- _WHAT IS NEEDED_: From the entries below, copy exactly the lines from the one that contains "Hey there, job" through the one that contains "高浦社區(qū)青少年用書(shū)法表", both included, and only those.

- _DATA FOR REVIEW_:
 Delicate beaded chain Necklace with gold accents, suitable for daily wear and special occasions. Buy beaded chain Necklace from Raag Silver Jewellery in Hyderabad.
==
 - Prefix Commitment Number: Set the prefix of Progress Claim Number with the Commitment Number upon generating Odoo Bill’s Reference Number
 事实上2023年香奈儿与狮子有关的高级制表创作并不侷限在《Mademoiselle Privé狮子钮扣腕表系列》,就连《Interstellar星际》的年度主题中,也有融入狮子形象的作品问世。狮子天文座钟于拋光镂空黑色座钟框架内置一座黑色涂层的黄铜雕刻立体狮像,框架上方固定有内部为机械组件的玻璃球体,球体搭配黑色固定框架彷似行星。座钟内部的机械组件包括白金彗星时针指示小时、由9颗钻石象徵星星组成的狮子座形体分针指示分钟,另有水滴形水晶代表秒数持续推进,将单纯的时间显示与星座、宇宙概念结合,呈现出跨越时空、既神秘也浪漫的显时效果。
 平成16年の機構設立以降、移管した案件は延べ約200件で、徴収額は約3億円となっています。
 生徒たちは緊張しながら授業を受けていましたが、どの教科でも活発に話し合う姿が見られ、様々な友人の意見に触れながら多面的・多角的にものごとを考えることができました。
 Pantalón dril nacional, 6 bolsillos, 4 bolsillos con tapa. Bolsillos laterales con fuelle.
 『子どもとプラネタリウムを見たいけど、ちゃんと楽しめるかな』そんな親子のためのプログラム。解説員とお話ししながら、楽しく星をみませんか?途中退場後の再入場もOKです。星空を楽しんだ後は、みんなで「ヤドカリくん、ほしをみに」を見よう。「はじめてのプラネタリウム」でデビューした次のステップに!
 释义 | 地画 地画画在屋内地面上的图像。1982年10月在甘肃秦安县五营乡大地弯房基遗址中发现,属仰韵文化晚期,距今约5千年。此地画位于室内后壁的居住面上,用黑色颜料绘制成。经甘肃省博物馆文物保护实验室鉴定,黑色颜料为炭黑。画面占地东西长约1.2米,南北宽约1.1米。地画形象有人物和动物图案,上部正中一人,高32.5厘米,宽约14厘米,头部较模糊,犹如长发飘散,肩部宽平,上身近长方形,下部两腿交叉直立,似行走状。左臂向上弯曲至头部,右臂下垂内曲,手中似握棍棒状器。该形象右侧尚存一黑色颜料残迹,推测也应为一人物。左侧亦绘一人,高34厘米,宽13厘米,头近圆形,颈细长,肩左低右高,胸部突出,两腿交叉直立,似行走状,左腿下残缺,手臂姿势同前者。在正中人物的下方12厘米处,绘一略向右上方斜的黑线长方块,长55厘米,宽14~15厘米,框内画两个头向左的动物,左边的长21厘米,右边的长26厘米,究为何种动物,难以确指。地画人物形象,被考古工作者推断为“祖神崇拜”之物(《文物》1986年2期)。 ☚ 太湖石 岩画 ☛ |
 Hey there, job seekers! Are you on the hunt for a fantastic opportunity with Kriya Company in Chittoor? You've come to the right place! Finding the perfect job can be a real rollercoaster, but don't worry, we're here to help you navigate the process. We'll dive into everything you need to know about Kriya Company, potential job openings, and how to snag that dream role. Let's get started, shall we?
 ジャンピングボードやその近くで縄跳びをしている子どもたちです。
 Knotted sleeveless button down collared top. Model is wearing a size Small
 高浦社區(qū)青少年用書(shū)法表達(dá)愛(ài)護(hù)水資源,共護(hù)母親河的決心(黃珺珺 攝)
==
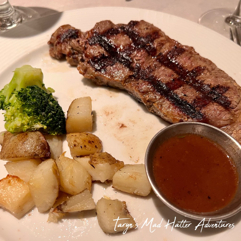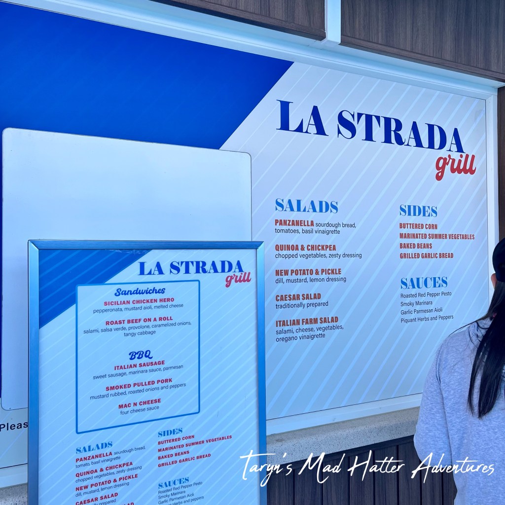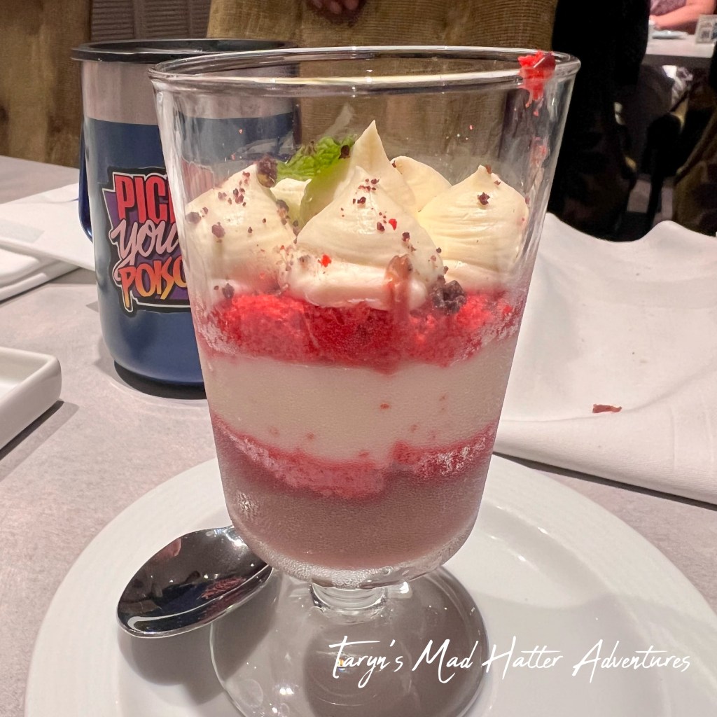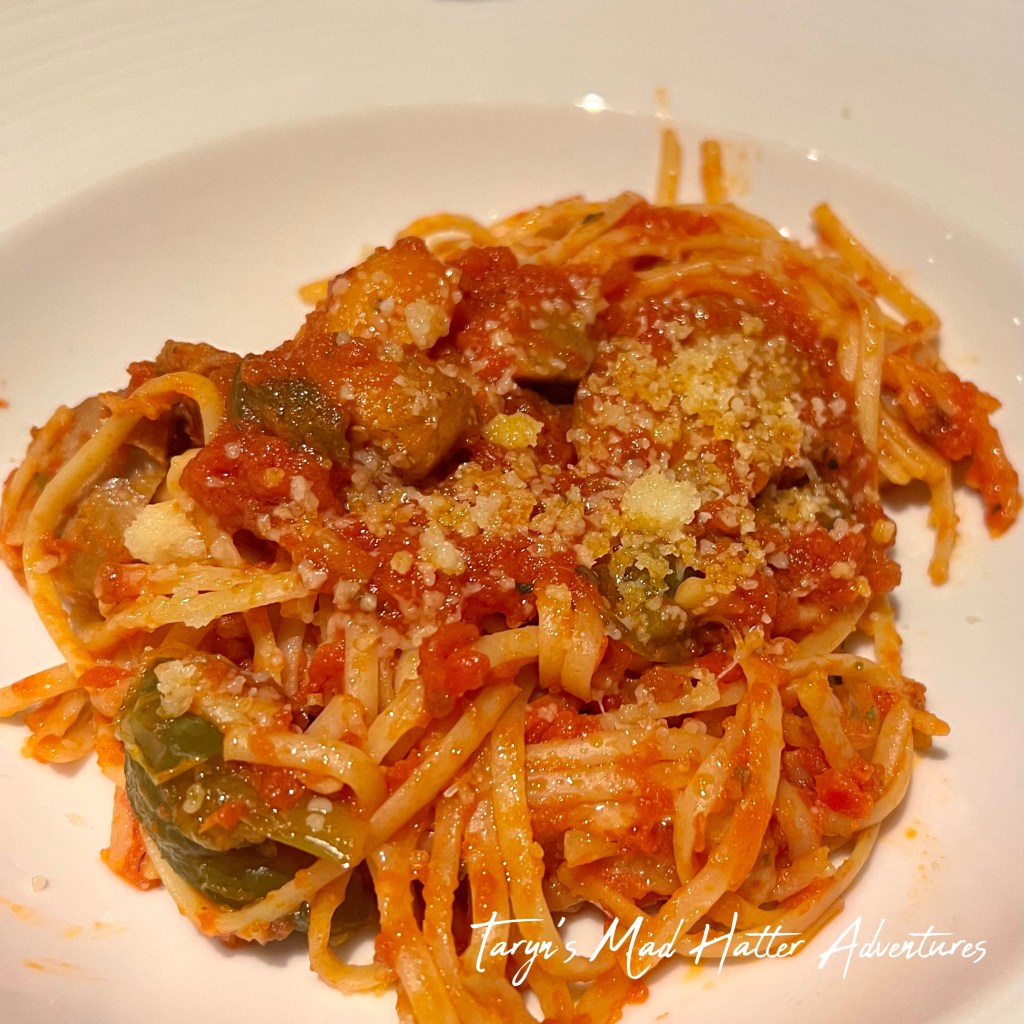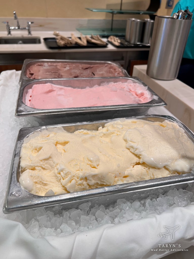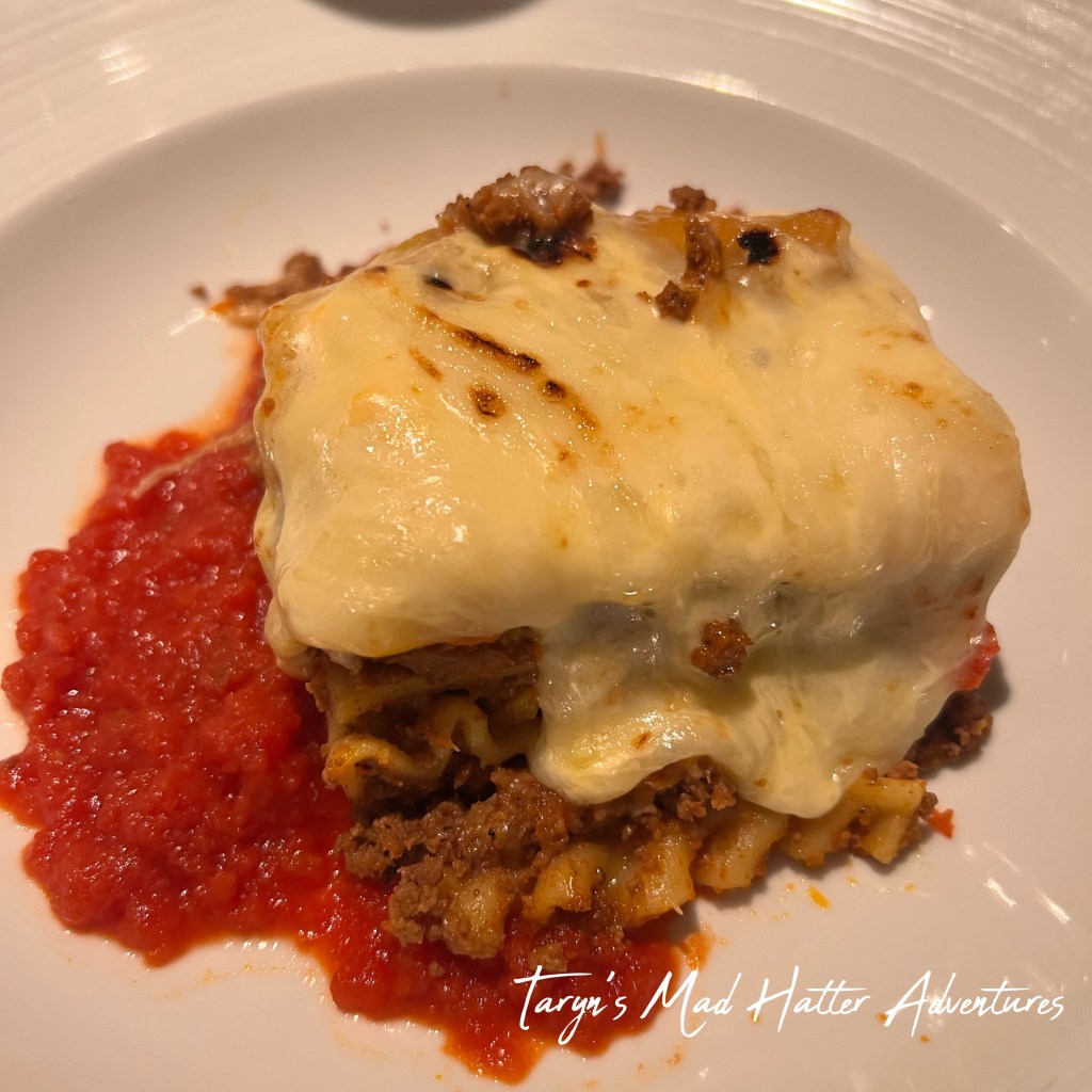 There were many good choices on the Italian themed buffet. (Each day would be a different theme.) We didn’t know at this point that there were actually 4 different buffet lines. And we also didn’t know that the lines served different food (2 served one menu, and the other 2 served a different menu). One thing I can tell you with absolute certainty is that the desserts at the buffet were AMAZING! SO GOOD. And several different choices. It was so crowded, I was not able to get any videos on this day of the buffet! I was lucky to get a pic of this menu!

- _TASK RESPONSE_:
 Hey there, job seekers! Are you on the hunt for a fantastic opportunity with Kriya Company in Chittoor? You've come to the right place! Finding the perfect job can be a real rollercoaster, but don't worry, we're here to help you navigate the process. We'll dive into everything you need to know about Kriya Company, potential job openings, and how to snag that dream role. Let's get started, shall we?
 ジャンピングボードやその近くで縄跳びをしている子どもたちです。
 Knotted sleeveless button down collared top. Model is wearing a size Small
 高浦社區(qū)青少年用書(shū)法表達(dá)愛(ài)護(hù)水資源,共護(hù)母親河的決心(黃珺珺 攝)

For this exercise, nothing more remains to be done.